Copy nothing past the line containing "Türk hudutları dahiline". Transcribe every line of the listing below up to and including it, from the first, except pictures.

**Supplied material:**

+++

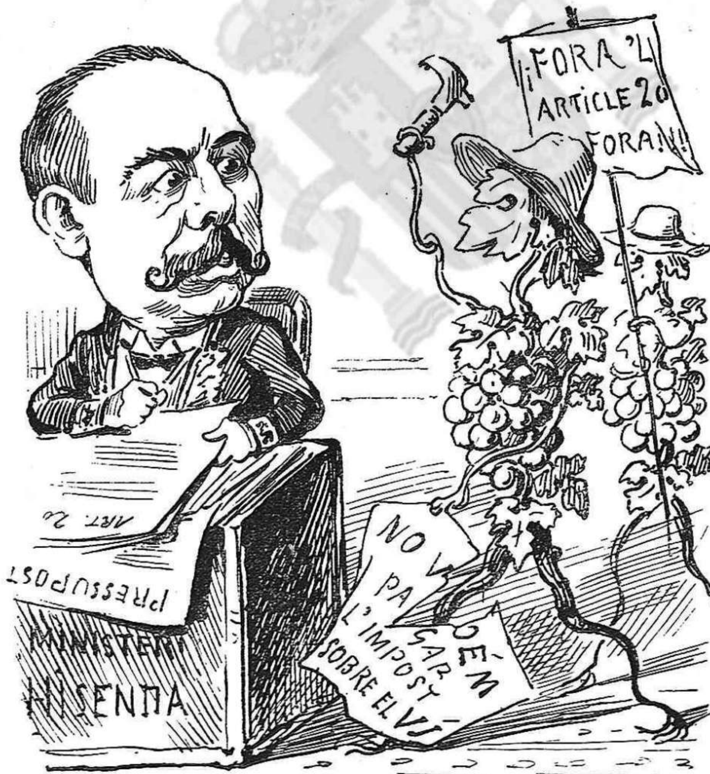
LA QÜESTIÓ DEL VÍ ¡Ay pobre Sr. Gamazo, en mal tráfech s' ha ficat! Me sembla que si 's descuyda lo vi li pujará al cap!
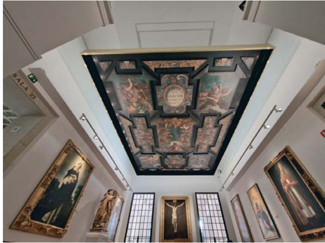
La colección permanente del Museo de Bellas Artes una nueva obra de la escuela sevillana. MBAS

La obra es de especial interés por su contenido, un fresco de la vida cotidiana de la Sevilla del siglo XVIII en la Alameda
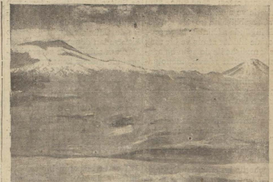
Türk hudutları dahiline girecek olan muhayyel kürdistanın mezarı Ağrı
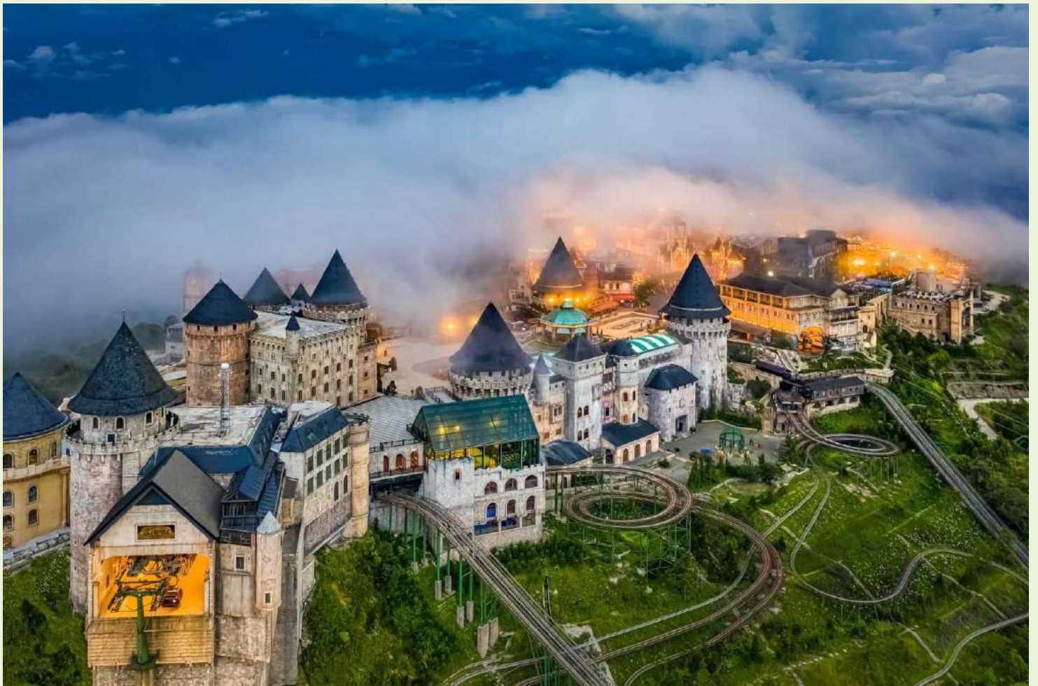
2UDAD-EK005 หลงเสน่ห์ เวียดนามกลาง ดานัง ฮอยอัน พั๊กบานาฮิลล์ 1 คืน (ไม่ลงร้านช้อปปิ้ง) 3 วัน 2 คืน โดยสายการบิน Emirates Airlines (EK)
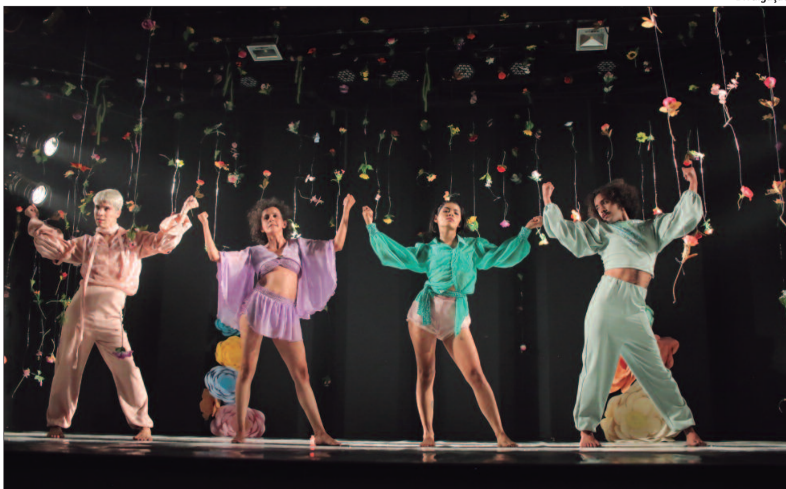
No palco, os bailarinos se apresentam em formato de performance com dança contemporânea e alguns elementos da cultura K-Pop
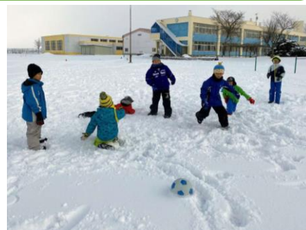
【雪中サッカーの様子】
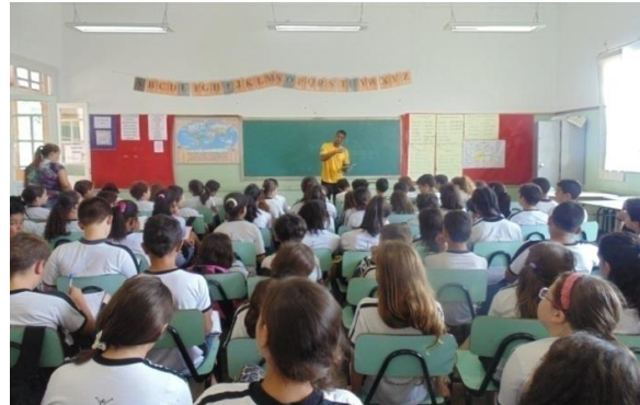
Cooperado da Ação Reciclar falando sobre Coleta Seletiva para alunos do Colégio Municipal
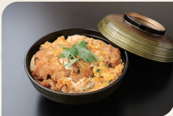
八女豚ロースのカツ丼
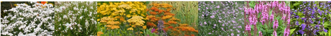
Achillea ptarmica Peter Cottontail, Gaura lindheimeri White Dove, Achillea millefolium Terracota, Achillea millefolium Anthea, Gypsophylla paniculata Festival Pink Lady, Salvia nemorosa Marvelrose, Salvia nemorosa Caradonna, Nepeta x fassenii Neptune
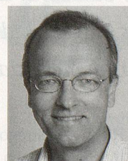
DAGEGEN: Hans-Jürg Fehr, Präsident der SP Schweiz, Nationalrat SH

Vergleich gute Position zu verlieren. Der Steuerwettbewerb unter den Kantonen wirkt dem entgegen. Im Idealfall führt er zum Zuzug von guten Steuerzahlern, und er eröffnet «steuersensitiven» Topverdienern Lösungsalternativen, ohne dass sie ins Ausland ausweichen müssen. Das jüngste Beispiel des Kantons Obwalden zeigt auch, dass der grosse Wirbel um die steuerliche Entlastung und degressive Besteuerung der Topverdiener die beste Werbung ist, um mit tatkräftiger Unterstützung der Medien und Politiker auf die steuerliche Attraktivität eines Kantons hinzuweisen. Vielleicht geht dann die Rechnung eben gerade deswegen für alle Steuerzahler auf.
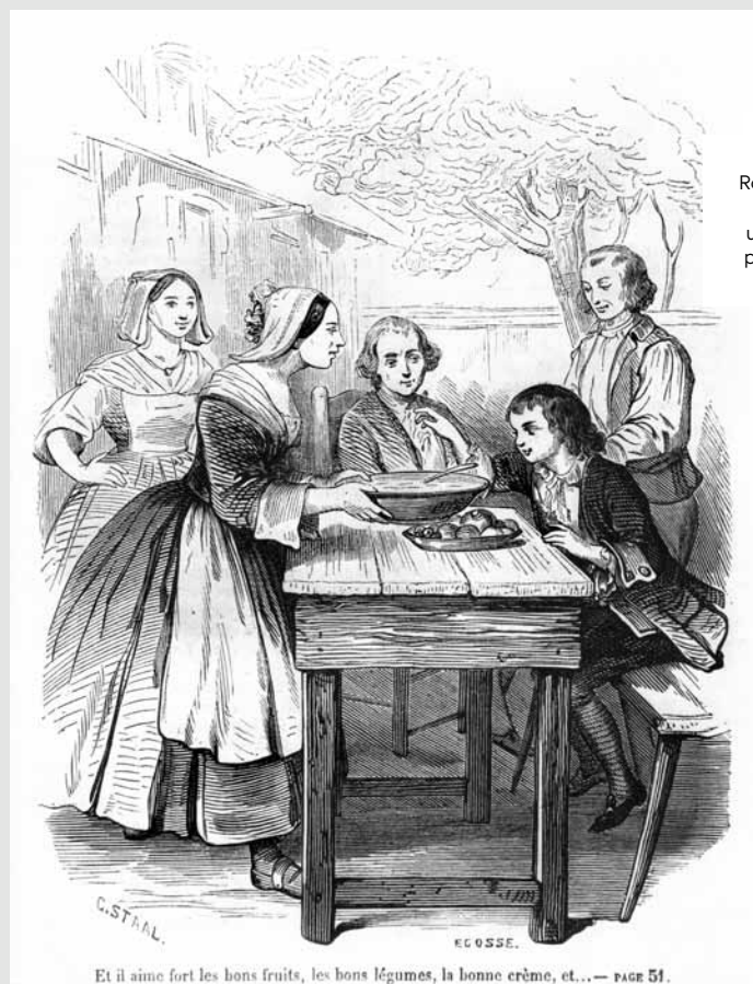
Et il aime fort les bons fruits, les bons légumes, la bonne crème, et... — PAGE 51.
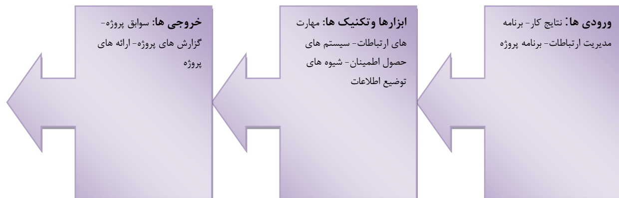
شکل ۳: فرآیند مربوط به توزیع اطلاعات در مدیریت ارتباطات پروژه

توزیع اطلاعات عبارت است از فراهم نمودن به موقع اطلاعات موردنیاز برای ذی نفعان پروژه. این فرایند، پیاده سازی برنامه ی مدیریت ارتباطات، همچنین واکنش به درخواست های غیرمنتظره ی اطلاعات را دربرمی گیرد.
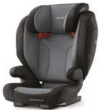
Carbon Black Monza Nova Evo 6158.21502.66 Monza Nova Evo Seatfix 6159.21502.66

+++

**Answer to the problem:**
LA QÜESTIÓ DEL VÍ ¡Ay pobre Sr. Gamazo, en mal tráfech s' ha ficat! Me sembla que si 's descuyda lo vi li pujará al cap!
La colección permanente del Museo de Bellas Artes una nueva obra de la escuela sevillana. MBAS

La obra es de especial interés por su contenido, un fresco de la vida cotidiana de la Sevilla del siglo XVIII en la Alameda
Türk hudutları dahiline girecek olan muhayyel kürdistanın mezarı Ağrı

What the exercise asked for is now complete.